EXERCISE REQUIREMENTS → Count the lines that contain the string "اللبناني" in the records beneath, and respond with the number only.

EXTRACTED ENTRIES →
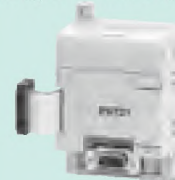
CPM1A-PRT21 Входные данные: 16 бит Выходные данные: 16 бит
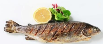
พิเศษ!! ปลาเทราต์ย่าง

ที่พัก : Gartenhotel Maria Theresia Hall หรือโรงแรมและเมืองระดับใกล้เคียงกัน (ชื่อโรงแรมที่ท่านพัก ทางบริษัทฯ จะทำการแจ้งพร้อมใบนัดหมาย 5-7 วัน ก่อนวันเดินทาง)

...

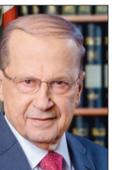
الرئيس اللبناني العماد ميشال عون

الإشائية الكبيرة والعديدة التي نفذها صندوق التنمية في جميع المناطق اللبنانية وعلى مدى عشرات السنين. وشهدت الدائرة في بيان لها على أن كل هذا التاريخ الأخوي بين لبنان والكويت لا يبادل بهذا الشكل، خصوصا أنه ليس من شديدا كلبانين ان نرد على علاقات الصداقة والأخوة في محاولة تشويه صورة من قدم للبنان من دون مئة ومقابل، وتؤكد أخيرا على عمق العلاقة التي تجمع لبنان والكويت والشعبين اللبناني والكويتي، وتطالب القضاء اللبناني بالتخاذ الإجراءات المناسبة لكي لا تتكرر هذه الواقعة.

OUTPUT OF THE EXERCISE → 2